Un icono roto, una puerta rota, una cabeza rota: un alto precio este que el tío malhumorado y el padre cruel tuvieron que pagar por frustrar la voluntad del pequeño Khalid. «Pero entró en la Acrópolis como un conquistador —dice nuestro Escriba—; ganó la batalla». Y durmió en el templo, en el pórtico del mismo, tan profundamente como un arriero. Y las golondrinas en las hornacinas de arriba le oyeron dormir.
Por la mañana se ciñe los lomos con firme resolución. No volverá a cruzar el umbral de la puerta de su padre. Se hace arriero y alcanza el éxito del que hemos hablado.
Su primer ideal romántico era ser dueño del mejor caballo de Baalbek; y poder cabalgar hasta el campamento de los árabes y ser confundido con uno de ellos fue su primera gran ambición. La cual realiza antes de lo que creía. Pues la frugalidad, el valor y la perseverancia son algunos de los ásperos granos de su carácter.

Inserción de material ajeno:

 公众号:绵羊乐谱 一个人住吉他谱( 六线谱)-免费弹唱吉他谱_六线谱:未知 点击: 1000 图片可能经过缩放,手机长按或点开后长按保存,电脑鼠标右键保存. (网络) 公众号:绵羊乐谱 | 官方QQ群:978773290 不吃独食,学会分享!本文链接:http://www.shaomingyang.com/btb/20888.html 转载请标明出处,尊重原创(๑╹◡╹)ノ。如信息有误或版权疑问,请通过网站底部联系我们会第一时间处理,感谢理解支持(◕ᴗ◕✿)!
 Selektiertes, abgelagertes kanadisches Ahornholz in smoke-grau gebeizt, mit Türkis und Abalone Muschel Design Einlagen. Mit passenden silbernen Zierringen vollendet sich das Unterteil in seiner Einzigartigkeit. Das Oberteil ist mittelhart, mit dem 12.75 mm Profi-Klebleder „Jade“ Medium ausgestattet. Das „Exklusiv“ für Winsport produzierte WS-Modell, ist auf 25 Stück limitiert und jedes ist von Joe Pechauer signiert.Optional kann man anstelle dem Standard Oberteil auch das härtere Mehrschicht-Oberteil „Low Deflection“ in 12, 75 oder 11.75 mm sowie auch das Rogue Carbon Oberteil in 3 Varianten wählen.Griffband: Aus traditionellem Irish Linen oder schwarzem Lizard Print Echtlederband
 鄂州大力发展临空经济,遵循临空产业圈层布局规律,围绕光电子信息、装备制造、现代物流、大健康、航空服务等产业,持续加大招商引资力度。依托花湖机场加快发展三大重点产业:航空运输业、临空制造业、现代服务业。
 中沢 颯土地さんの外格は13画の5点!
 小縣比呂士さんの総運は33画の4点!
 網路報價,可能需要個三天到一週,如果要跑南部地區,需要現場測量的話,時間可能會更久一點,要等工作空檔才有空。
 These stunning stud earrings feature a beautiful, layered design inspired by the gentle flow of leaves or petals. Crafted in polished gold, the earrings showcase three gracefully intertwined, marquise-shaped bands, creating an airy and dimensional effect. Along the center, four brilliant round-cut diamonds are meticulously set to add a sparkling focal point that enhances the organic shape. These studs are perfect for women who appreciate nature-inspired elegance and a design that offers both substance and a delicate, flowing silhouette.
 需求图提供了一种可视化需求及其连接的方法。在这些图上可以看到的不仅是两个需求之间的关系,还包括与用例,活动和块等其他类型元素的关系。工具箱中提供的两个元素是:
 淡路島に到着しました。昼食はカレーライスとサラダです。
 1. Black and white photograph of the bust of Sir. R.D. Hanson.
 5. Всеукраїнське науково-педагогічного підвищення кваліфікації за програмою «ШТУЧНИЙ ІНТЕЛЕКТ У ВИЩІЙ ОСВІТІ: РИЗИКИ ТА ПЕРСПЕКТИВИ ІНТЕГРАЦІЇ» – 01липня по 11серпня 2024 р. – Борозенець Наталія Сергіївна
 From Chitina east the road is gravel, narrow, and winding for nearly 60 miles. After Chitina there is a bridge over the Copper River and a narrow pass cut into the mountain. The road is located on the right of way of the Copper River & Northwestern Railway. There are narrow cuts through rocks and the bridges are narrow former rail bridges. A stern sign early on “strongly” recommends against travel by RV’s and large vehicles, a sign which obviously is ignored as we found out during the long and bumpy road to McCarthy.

Pero no bien se ve en posesión de su ideal, cuando comienza a aflojar su aferramiento a este. Vendió su yegua al turista, y se alegraba de no haber alcanzado el mismo éxito en su primer amor. Pues amaba a su yegua, y no podría haber amado más a su prima Najma.
“La constatación es algo terrible”, escribe nuestro Escriba, citando a su Maestro.
Pero cuándo fue pronunciada esta excelente pieza de sabiduría, si cuando navegaba en barcos de papel en Baalbek o cuando desplegaba sus velas en Nueva York, no podemos decirlo.
Y ahora, calentándose al fuego de su primer ideal, Khalid buscará la orilla y se lanzará a mares desconocidos hacia tierras desconocidas.